There are, however, remarkably few unsweetened drinks in the refrigerator at the health food store. But what’s this? Unsweetened green tea, claiming to be “Japan’s #1 Green Tea”, whatever that means. Suitable not just for drinking but also for logging to Steepster!
I don’t want to insult Japan or anything, but this is not the #1 Green Tea I’ve ever had. But it is reasonably decent and somewhat complex, especially given that I didn’t even have to think about hot or boiling water in order to drink it. If I’m again in the mood to pay $2 for 20¢ worth of tea and the convenience of having it already brewed and already cold, then I’ll pick up another bottle.
Hello again Steepster,
I haven’t been logging many teas of late because as the weather warms up, I’ve been drinking less tea, and because most of what I have been drinking has been stuff I’ve already logged.
But apparently I haven’t logged this tea yet. Which is sort of a shame, because it’s a nice tea. It tastes pretty much exactly like an archetypical jasmine green tea. Are you familiar with jasmine teas? If so, imagine a nice jasmine tea in general without imagining any specific jasmine tea. Then add a little bit of extra jasmine flavor. You will then be imagining this tea.
I bought a bunch of samples from Upton, and this certainly seemed intriguing. I used about half the 6g sample packet in a mug of 100°C water, steeping for 8 minutes.
Given that this is just an unblended single herb, the aroma is incredibly complex. There are notes of mint, cinnamon, and other spices. Brewing the tea mellows it out somewhat, melding these different notes. It’s an okay evening brew, but it won’t be replacing peppermint tea in my cabinet anytime soon.
I’m going to try the other half of the sample with some sugar to see how that works out.
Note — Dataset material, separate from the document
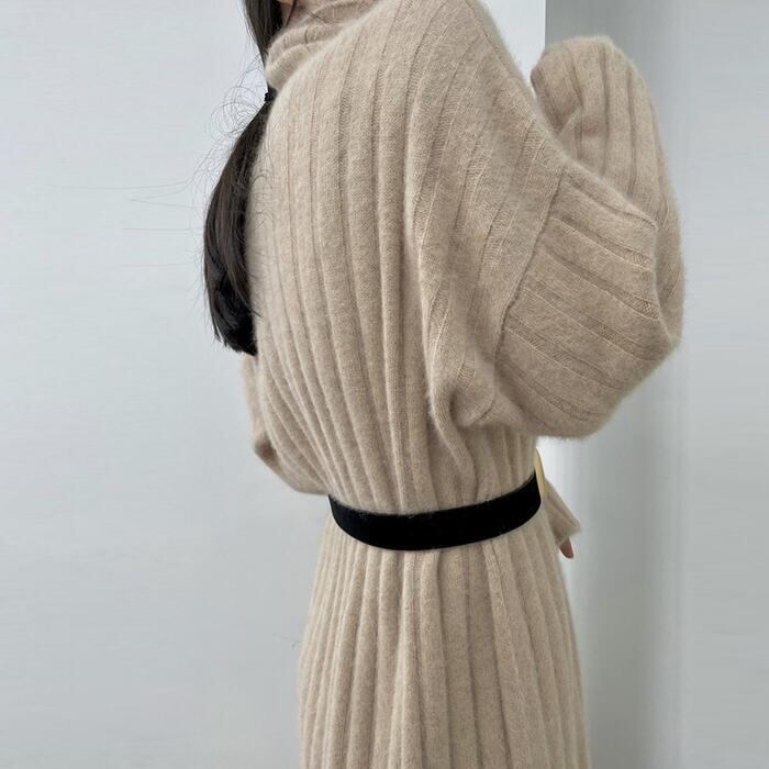 体のラインを拾わないゆったりシルエットのリブニットワンピース。

I was right: to extract any flavor from this, you have to use a lot of leaves. I’m at 1 Tbsp per 12oz cup. This is sort of sensible: because the leaves are so big and fluffy and loosely packed, maybe this is actually less tea by weight than I use with other teas. I don’t know.
So the most amazing thing about this tea is still the smell of the dried leaves. It’s all vanilla-y and some citrus and wow. The tea, once brewed, tastes pretty much the same, albeit less so.
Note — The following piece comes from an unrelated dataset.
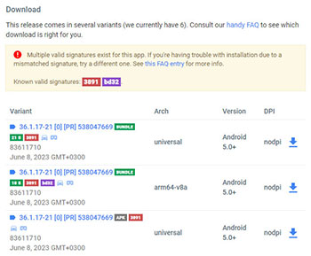 Для того, чтобы скачать на ваш смартфон Google Play переходим в браузере на соответствующую страницу сервиса apkmirror, где нажимаем на самую свежую версию Google Play и выбираем вариант данной версии (рекомендуем universal), после чего появится страница с полным описанием выбранной модификации Google Play и кнопка для её скачивания.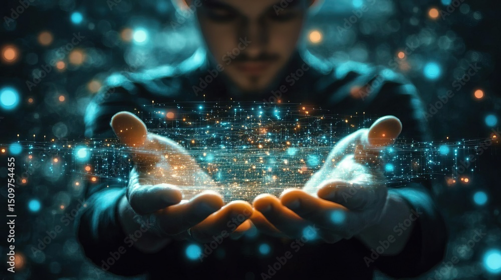 A business angel investing in a promising startup project, money flowing in holograms #1509754455

Maybe I’m still being unfair because the dried leaves smell of such promise: if someone just gave me a prepared cup of this tea, perhaps I would be more impressed, but as it is I’m still not loving this as much as some of the other folks here. Still, it’s not like it’s undrinkable or anything.
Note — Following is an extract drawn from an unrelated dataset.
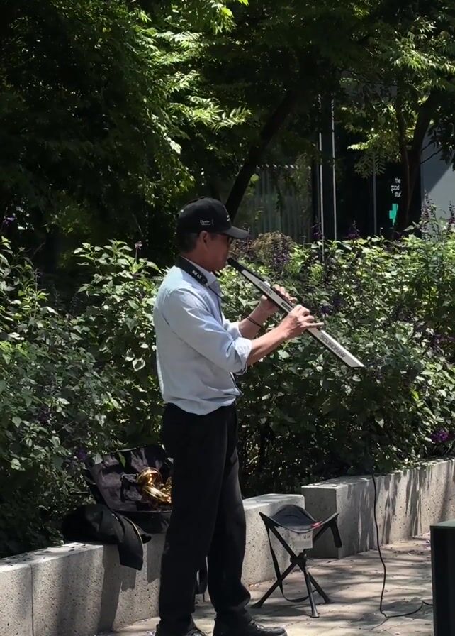 - "A man plays a wind instrument in a park" by FM-TOclH2, licensed under CC BY 4.0

So, yeah, I’ve been drinking this, and I think I like it best when it is steeped for just a minute or so. Steep it longer and the tea starts to compete with and overpower the rice, which maybe some people would prefer but for me defeats the whole purpose of drinking tea with toasted grains in it.
It’s good on resteeps as well.
I’d been meaning to drop into Porto Rico and check out their teas for a while, but as I was passing by today I saw a sign in the window that said “Tea Sale.” Apparently the sale has been going on for a couple of weeks but ends tomorrow.
I managed to escape only a few dollars poorer with just a few ounces of the Genmaicha. I’ve been craving genmaicha for a little while, so it was an opportune purchase.
What to say about it? It’s good. It tastes like green tea with toasted rice. There’s also some corn in here, but although it’s pretty, I don’t know how much it affects the flavor.
I think two minutes might have been a bit long for this tea. The woman in the store told me she steeps for up to seven minutes (!) but that seems crazy.
It’d probably be expected here to write something about how this tea is keeping me warm in the great big snowstorm we’re currently having here in New York. But let me be honest: I’m working from home and the heat works just fine. So let’s talk about the tea instead.
The best way I can think of to describe the tea is to say that it tastes like Earl Grey tea, only more so. They obviously put more than the normal amount of bergamot. (Also, has anyone ever seen an actual bergamot fruit? Do they have any uses other than flavoring tea? Why does the Firefox spellchecker insist that bergamot is not even a word?)
The vanilla, while present, is definitely secondary to the bergamot and the tea itself. It serves more to enhance these other flavors than to stand on its own.
Other posters here have suggested that this tea is especially nice with milk. I don’t usually like milk in my tea, but I suppose if I have some milk in the house then it might be worth trying.
Overall a nice, easy-to-drink black tea. I’ll certainly be drinking this a bunch in mornings when I need help waking up.